= Robert Levine (artist) =

American artist/sculptor

Robert Levine is an American artist/sculptor, born in Pittsburgh, Pennsylvania, and currently living in Venice, CA.

== Education ==
Levine received his Bachelor of Fine Arts from Carnegie-Mellon University and his Master of Fine Arts at CalArts in 1988.

== Career ==
Levine's work is sculpture infused with humor. A 1994 LA Times review of his art notes, "His "Half Knot Painting" is the sleeper of the show, a witty, punning mosaic of wood scraps, half with knots and half without. Understated and crudely coated with resin, it rips through the posturing of the work surrounding it to make a fresh and clever statement about painting's proudly confused identity."

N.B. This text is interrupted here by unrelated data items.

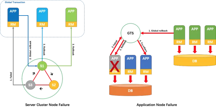 最后,GTS 通过事务协调器集群以及对业务应用节点的容错,实现一个拒绝单点故障的高可用服务。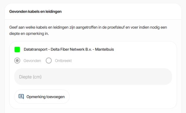 We hebben de manier verbeterd waarop je een proefsleuf in Mister KLIC kunt registreren. Bij het aanmaken van een proefsleuf moet je nu altijd een lijn tekenen. Wij controleren vervolgens welke kabels of leidingen er in de KLIC-melding onder deze lijn liggen en geven de resultaten weer in een lijst. De persoon die de proefsleuf registreert hoeft alleen nog voor elke kabel of leiding in deze lijst aan te geven of hij of zij deze in de proefsleuf is tegengekomen, en zo ja, hoe diep de kabel of leiding ligt. Ook moet er een foto worden toegevoegd. Als er een kabel of leiding gevonden wordt die niet in de KLIC-melding staat, dan kan de gebruiker deze handmatig toevoegen.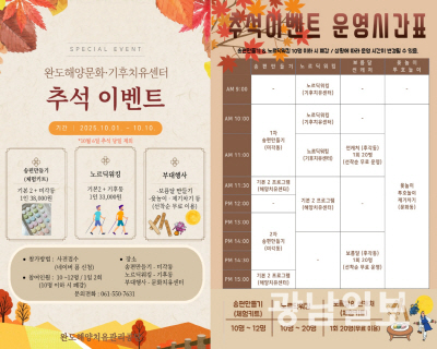 이벤트는 다음달 1일부터 10일까지 9일간(추석 당일 휴무) 완도해양치유센터와 해양기후·문화 치유센터에서 진행된다.
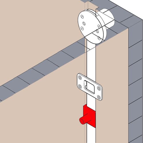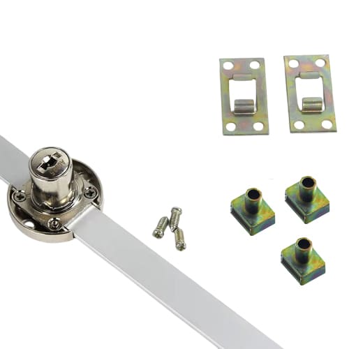 A side mounted multi drawer lock housing and bar for 3 drawers which includes 3 locking pegs with screws and 2 bar guides. The bar is mounted in a groove trenched into the side of the cabinet to allow the drawer runner to be mounted normally.

Levine's work appeared in 2015 – "After Malevich", MAMA gallery, Los Angeles, CA; 2011– Paintings, Maloney Fine Art, Los Angeles, CA; 2004– Robert Levine, Superior (an exhibition space), Cleveland, OH; 2001– New Work, Finesilver Gallery, San Antonio, TX; 2000– Broken Standard Pencil Structure, Roberts & Tilton, Los Angeles, CA; 1999– New Works on Paper, Sandroni Rey Gallery, Venice, CA; 1999– Recent Sculpture, Brian Gross Fine Art, San Francisco, CA; 1998– Things Painted, Kantor Gallery, Los Angeles, CA; 1992– New Work, Thomas Solomon's Garage, Los Angeles, CA; 1990– New Work, Thomas Solomon's Garage, Los Angeles, CA; and 1988– Post Facto Intentionalities, D-300, Calarts, Valencia, CA.

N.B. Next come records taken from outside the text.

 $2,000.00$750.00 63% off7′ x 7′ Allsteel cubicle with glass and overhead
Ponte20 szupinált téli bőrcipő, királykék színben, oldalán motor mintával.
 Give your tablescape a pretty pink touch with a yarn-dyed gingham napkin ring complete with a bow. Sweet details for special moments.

Most recently, Levine exhibited at LSH CoLab with his work titled “Regular Painting”. Levine describes the collection by stating "[m]any of the objects I choose to paint are of the most ordinary things we live with – everyday objects; coke cups, a plain propane tank, a bike wheel, a painting rack for example. The lack of expressionistic brushwork force me to make something interesting using the sparest tools – composition, material/surface, paint handling, color/tone, historical references. It’s related to Minimalism but obviously isn’t that. There really is no such thing as a regular painting. I like the lack of qualitative inference.”